• **What the exercise asks**
Below are the entries; transcribe them exactly and drop every picture.

# # # # #

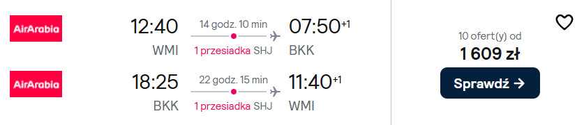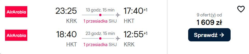 Do Tajlandii (Bangkok, Krabi, Phuket) polecisz z Krakowa oraz warszawskiego lotniska w Modlinie linią Air Arabia z przesiadkami na lotnisku w Szardży. W cenę biletu zawsze wliczony jest bagaż podręczny, a ten nadawany do luku dokupisz w atrakcyjnej cenie (ok. 13 EUR – w jedną stronę/ ok. 55 PLN).
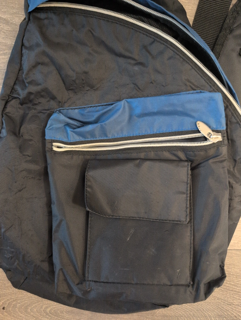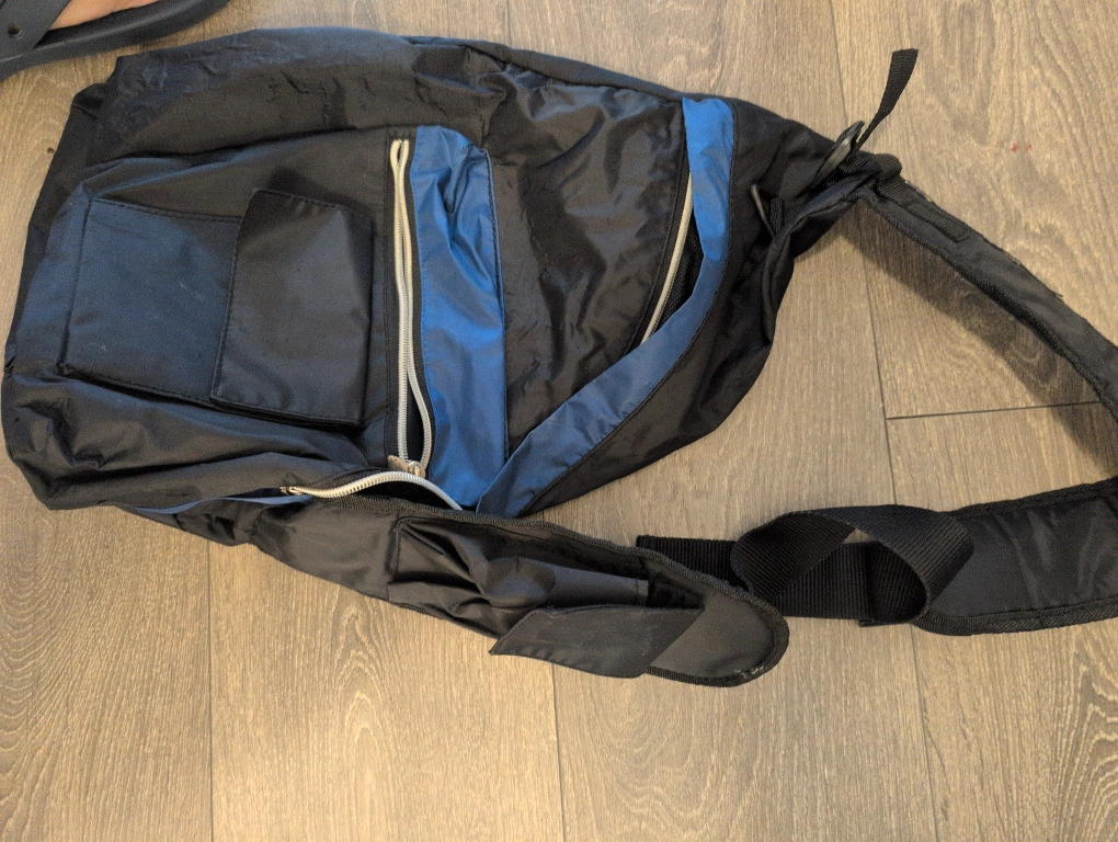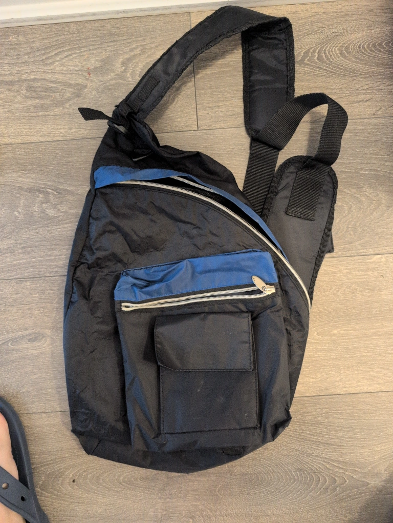 Here's a black and blue sling bag! It's in great condition and ready for a new home. Perfect for carrying your essentials while keeping your hands free... also works on cycle...
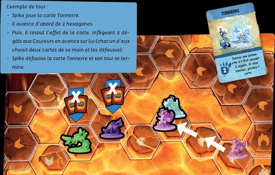 La partie se termine à la fin du round durant lequel au moins un Coureur a complété un tour de circuit et franchit la ligne d’Arrivée : le Coureur qui a dépassé l’Arrivée du plus grand nombre d’hexagones gagne !
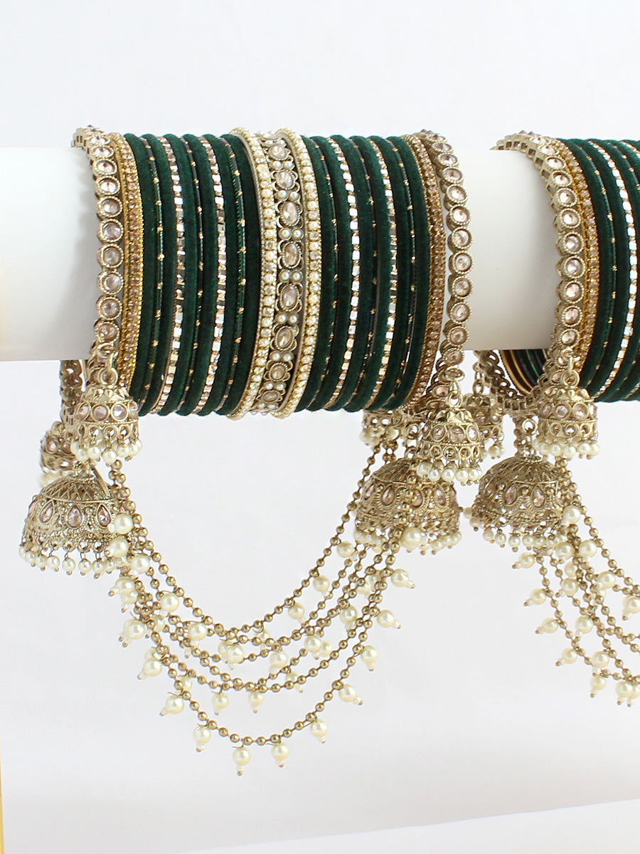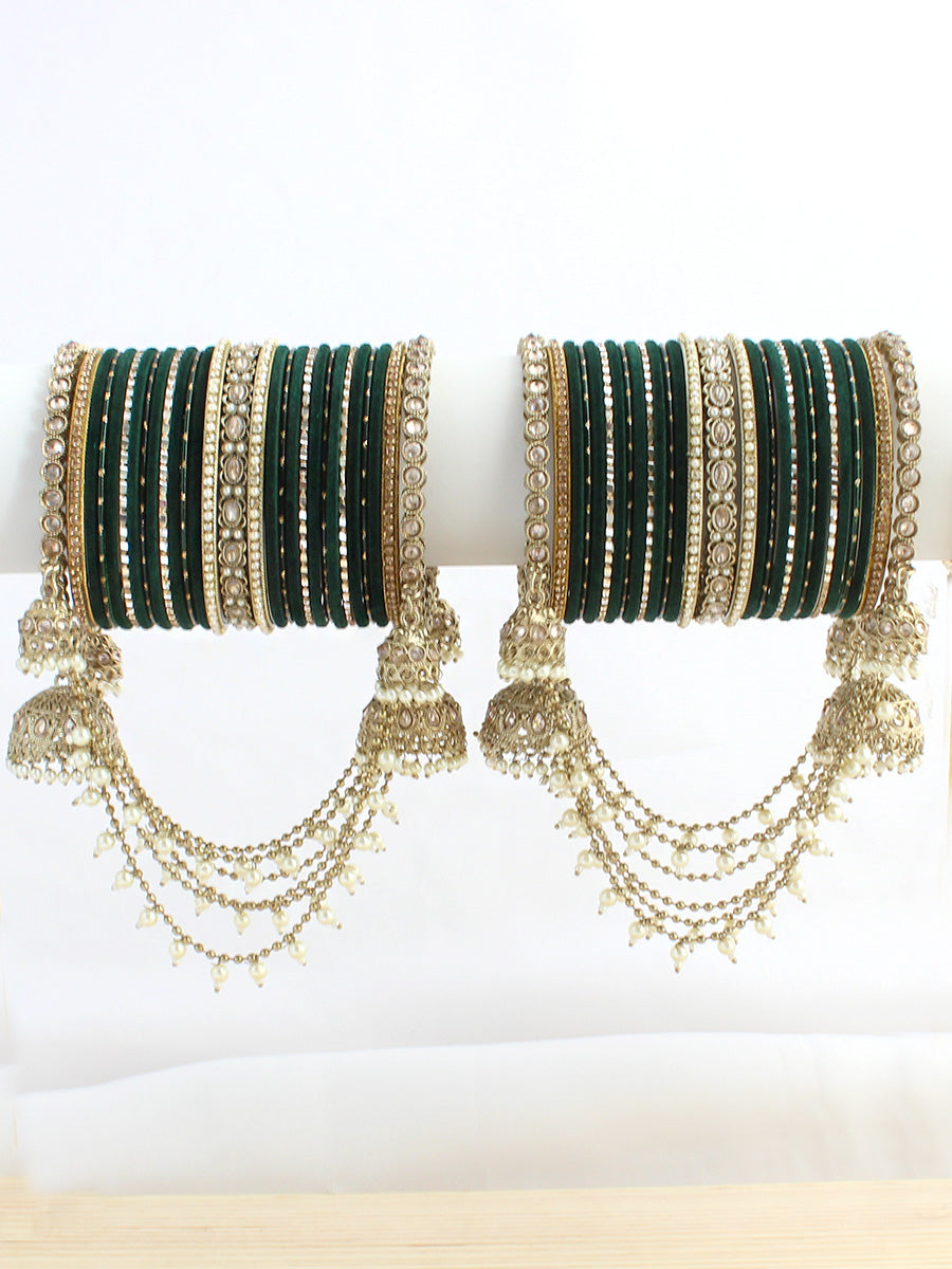 The 34 Piece (2 Set) Bangle Set, Add a regal charm to your traditional ensemble with these beautiful green Polki bangles, featuring elegant hanging Jhumki, delicate stone fall detailing, and sparkling Cubic Zirconia (CZ) stones.
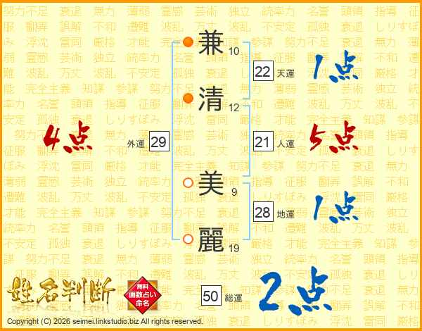 生活面を象徴する運勢です。外部から受ける影響力を表し、結婚運、家庭運や職場、環境への順応性を表します。総運から人運を引いた画数。姓や名が1文字の場合を除く。
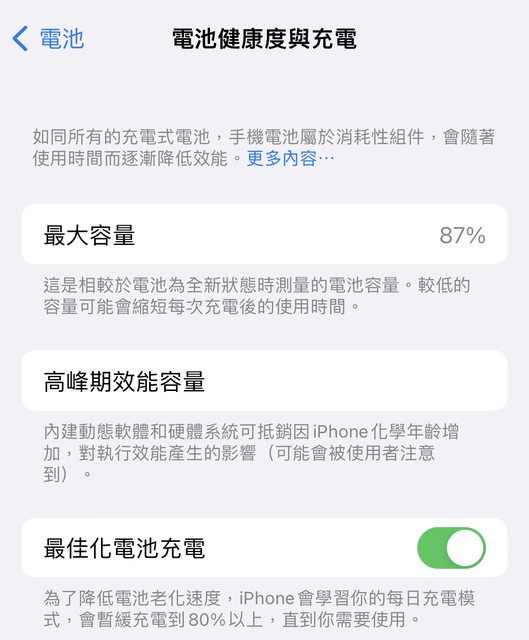 電池健康度87%(附圖,2023/9/18數值)。

# # # # #

• **Output for this task**
 Do Tajlandii (Bangkok, Krabi, Phuket) polecisz z Krakowa oraz warszawskiego lotniska w Modlinie linią Air Arabia z przesiadkami na lotnisku w Szardży. W cenę biletu zawsze wliczony jest bagaż podręczny, a ten nadawany do luku dokupisz w atrakcyjnej cenie (ok. 13 EUR – w jedną stronę/ ok. 55 PLN).
 Here's a black and blue sling bag! It's in great condition and ready for a new home. Perfect for carrying your essentials while keeping your hands free... also works on cycle...
 La partie se termine à la fin du round durant lequel au moins un Coureur a complété un tour de circuit et franchit la ligne d’Arrivée : le Coureur qui a dépassé l’Arrivée du plus grand nombre d’hexagones gagne !
 The 34 Piece (2 Set) Bangle Set, Add a regal charm to your traditional ensemble with these beautiful green Polki bangles, featuring elegant hanging Jhumki, delicate stone fall detailing, and sparkling Cubic Zirconia (CZ) stones.
 生活面を象徴する運勢です。外部から受ける影響力を表し、結婚運、家庭運や職場、環境への順応性を表します。総運から人運を引いた画数。姓や名が1文字の場合を除く。
 電池健康度87%(附圖,2023/9/18數值)。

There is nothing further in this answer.